Yes, I do need to reconsider hiring people for this help, but even that would require me being present to supervise their work and render payment. Recently, I also tried to do my own early-morning plumbing repair. The toilet in the tiny bathroom next to my home office was running...and running up my utility bill. So, I got on YouTube and watched some videos of "how to fix a running toilet." At 5 AM, I turned off the water in back of the bowl (a tight fit, even with my small hands), took the lid off the tank, and dutifully followed the steps put forth in the video. Nothing worked, and so I called upon the trusty guy who's been doing our repair work for decades. And while he was there, he also replaced the hot water tank in the utility room.

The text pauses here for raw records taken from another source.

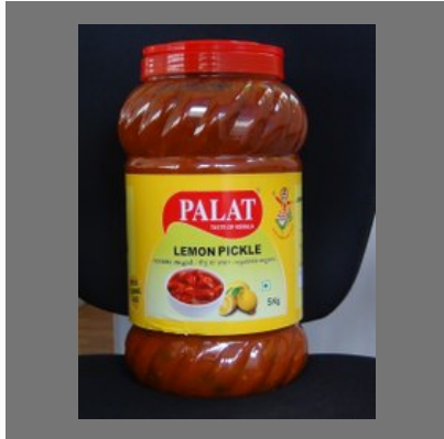
Lime Pickle 5Kg Bottle
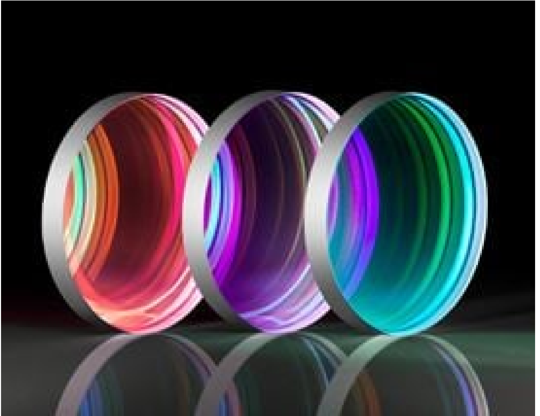
Ultrafast Harmonic Separators
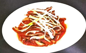
5. Crystal Pig's Ear with spring onion and chilli oil. 红油耳尖 £8.80
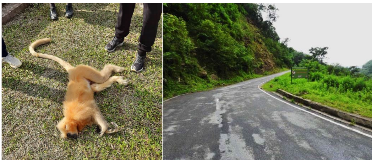
Figure 2. Golden langur (Male) killed at Dangdung, Trongsa District. Figure 3. The signage along the highway to alert motorists.
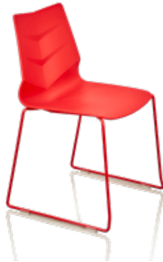
Leaf sledge base
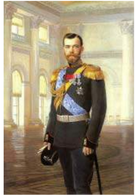
Fig.3 – Tsar Nicholas II in the White Hall of the Winter Palace, St Petersburg, 1900. Painted by Earnest Lipgart (1847-1932)

In 1914, Tsar Nicholas II ruled Russia and its empire. Besides the territory around Moscow, the Russian empire included current-day Finland, Latvia, Lithuania, Estonia, parts of Poland, Ukraine and Belarus. It stretched to the Pacific and comprised today's Central Asian states, as well as Georgia, Armenia and Azerbaijan. The majority religion was Russian Orthodox Christianity – which had grown out of the Greek Orthodox Church – but the empire also included Catholics, Protestants, Muslims and Buddhists.
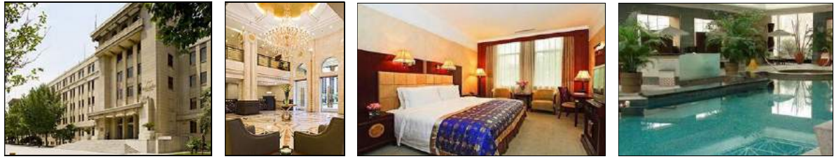
Grand Mercure Xi'an Renmin Square
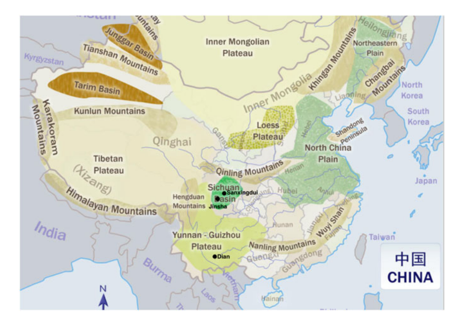
Figure 1. Map of the locations of the Sanxingdui, Jinsha and Dian cultures in early China

ritual vessels and paraphernalia in sacrificial pits. The Jinsha site, located on the outskirts of Chengdu, was discovered in 2001 and is considered the final phase of the Sanxingdui culture (Ye 2011). Finds from Jinsha have been dated to 1000–650 BCE by archaeologists, which corresponds to the Western Zhou period 西周 (eleventh century–770 BCE) (Chengdu Municipal Institute of Antiquity and Archaeology 2013). The Dian people were settled in the region of Lake Dian 滇池 in present-day Yunnan province, located south of Sichuan, and were active from around 500 BCE until 109 BCE, when they were conquered and attached as a vassal state to the Western Han Empire (202 BCE–9 CE) (Yao 2005: 381). Archaeological excavations at the two principal sites of Shizhaishan 石寨山 and Lijiashan 李家山 revealed them as a highly complex and localized kingdom with a society of significant traditions.
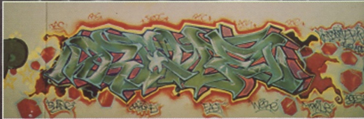
RONE.TAC. IN NY
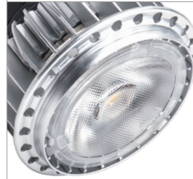
25° Beam Angle

At times like this I briefly regret not becoming a plumber, especially when I get the bill.
The other day, I found a letter on my doorstep, allegedly from a realtor who wanted to make an offer to buy my home! For a brief couple of minutes, I entertained the idea of mailing it back to the person, with some well-selected, unladylike verbiage added to the bottom. Nah, I didn't want to waste the postage stamp.
My life plan includes continuing my local therapy practice (with flexible hours, and my office only 2 miles down the street), and finding freelance writing work to pursue the craft I love so much. I want to live out my life here, with steady income and choices showing life on my own terms.
This home is my love, with so much history. All I want is to maintain it well, and add an overlay of my own personal style during my lifetime. This will include replacement of the lawn with a display of water-thrifty native plants. I've long been an admirer of the Theodore Payne Foundation, and I've already put in an application with the Burbank's Go Native! program.
I like to think these current challenges are simply opportunities for me to step up and solve them creatively.